Soccer Goes Glocal
Sociology, Vol. 36, No. 1, February 2002, London Soccer’s recent World Cup finals in Japan and South Korea exemplify how the world’s premier sport has become fully globalized. Before a worldwide television audience of more than 30 billion fans, 32 national teams from all continents battled for a shot on history. Soccer’s diffusion and political ...
Sociology, Vol. 36, No. 1, February 2002, London
Sociology, Vol. 36, No. 1, February 2002, London
Soccer’s recent World Cup finals in Japan and South Korea exemplify how the world’s premier sport has become fully globalized. Before a worldwide television audience of more than 30 billion fans, 32 national teams from all continents battled for a shot on history. Soccer’s diffusion and political structure offer an advanced case study in the globalization of a cultural form. Yet a closer look suggests that soccer’s global advance — like many globalization processes — is less widespread than first meets the eye.
London School of Economics sociologist Patrick McGovern assesses the degree of soccer’s globalization in his study of elite labor migration within English soccer over five decades (1946–1995). Writing for the quarterly journal Sociology, McGovern describes how English soccer clubs have favored the recruitment of players from nations within the British Isles, northern Europe, and the British Commonwealth — nations that closely approximate English cultural attitudes, weather, language, and even playing styles. On this matter, many U.K. soccer fans would point to the great Liverpool team of the early 1980s, famed for featuring "Celtic" British players, the odd Australian and Zimbabwean, and sometimes even an Englishman. Contrast this trend, up to 1990, with the striking absence of Italian and Iberian players and the rare forays of South Americans into English clubs. Overall then, McGovern contends, we witness a process of internationalization in English club recruitment, not the kind of freewheeling globalization that more extreme labor market theorists might otherwise advance.
These findings also fit most European and South American nations. Reaffirming their colonial connections, Spain and Portugal remain prominent destinations for South American players; top African players are more likely to arrive in the European leagues, notably France, Belgium, the Netherlands, and Spain; and the larger South American economies of Brazil and Argentina continue to draw in elite players from smaller countries in the region, notably Uruguay. Italy is perhaps exceptional: It has long recruited players from a wider pool of nations, including large numbers from South American countries, since the interwar years. In general, however, postwar evidence suggests that distinctive regional patterns underlie the formation of the soccer world’s top club sides.
Of course, many realist analysts highlight globalization’s unevenness and regionalism. Political economist Linda Weiss of the University of Sydney argues that sovereign states are not disarmed by globalization but instead actively promote corporate internationalism, notably at the regional level.
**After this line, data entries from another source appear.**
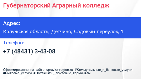 Губернаторский Аграрный колледж по адресу Калужская область, Детчино, Садовый переулок, 1 в дальнейшем Организация, размещена в следующих категориях: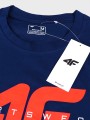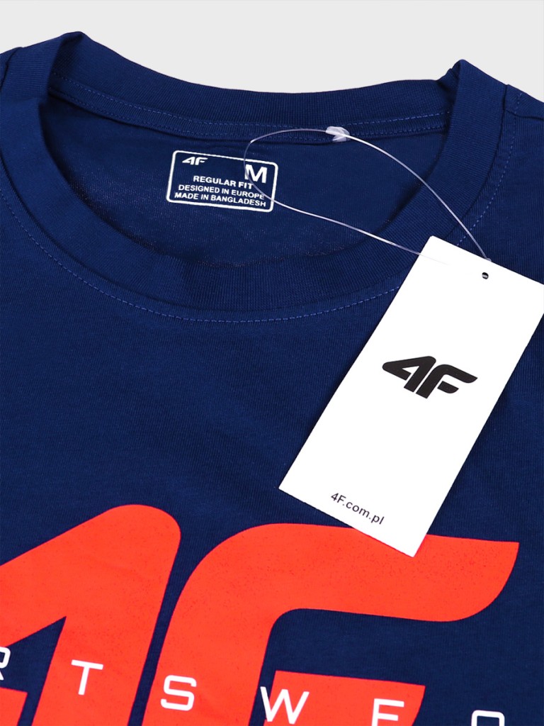Męska koszulka z krótkim rękawem marki 4F to uniwersalna propozycja na co dzień. Dzięki klasycznemu krojowi, miękkiej bawełnie i nadrukowi, sprawdzi się zarówno w codziennych, jak i sportowych stylizacjach. Elastyczny materiał i przyjemna w dotyku dzianina single jersey zapewniają komfort przez cały dzień.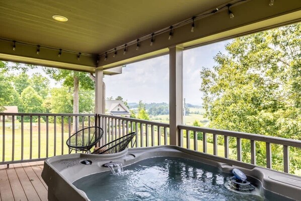 Enjoy unforgettable evenings in the spacious backyard, perfect for stargazing or gathering around with loved ones. Melt your stress away in the private hot tub, then fire up the BBQ grill on the outdoor deck for a family cookout. For fun-filled moments, challenge each other to cornhole, test your balance on the ropes course and slackline, or enjoy a friendly game of life-size Connect 4. This outdoor space is your go-to spot for adventure, relaxation, and memory-making in the Smoky Mountains.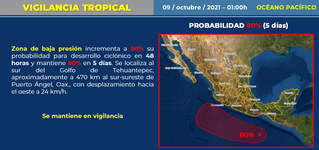CIUDAD DE MÉXICO.- La zona de baja presión con potencial ciclónico sobre el océano Pacífico aumentó a 80% su probabilidad para desarrollar un ciclón tropical en 48 horas.

Paul Smith of George Mason University notes that the largest corporations are not truly transnational but are still tied strongly to localities by business centers and cultural symbolism. And University of Aberdeen sociologist Roland Robertson coined the term "glocalization" to explain how global social processes are selectively redefined and adapted to suit local cultural exigencies.
These interpretations fit the soccer context as well. National soccer associations can be seen as statelike actors in Weiss’s terms — witness the English Football Association in its regional recruitment of a Swedish team coach. Perhaps more relevant, many top English and other European soccer clubs operate very much like modern multinational corporations. Manchester United, for example, may play its home matches in northwest England, but it has a global fan (i.e., consumer) base of over 50 million supporters; with 20 million of these in Asia, it becomes Singapore’s "home team." Moreover, to retain a local cultural definition and identity, the world’s largest clubs still appoint a long-serving team captain who has close personal ties to the club’s civic or national base. Thus, the world’s most famous club, Real Madrid, has the Spanish star Fernando Ruis Hierro to lead his cosmopolitan teammates, Roma has the renowned local star Francesco Totti as its captain, and AC Milan has Paolo Maldini as its leader.
Nevertheless, we should recognize that in the past decade or so, English soccer has undergone increasingly rapid structural and cultural changes, and recruitment practices are no exception. Clubs such as Chelsea, Arsenal, Newcastle United, Liverpool, and Fulham have recruited European coaches with avowedly European (not "British") coaching techniques, playing systems, dietary programs, and management styles. Britain has experienced an unprecedented influx of elite players from non-traditional nations, such as Italy, France, Germany, and Croatia, as well as African and South American countries. Most of the 20 English Premier League soccer clubs could field a team consisting primarily of players from outside the British Isles.
This trend has certainly enhanced the aesthetic sophistication of English club soccer. Whether or not it improves the standard of English players — and thus boosts the World Cup chances of England’s national team — remains a matter of serious debate.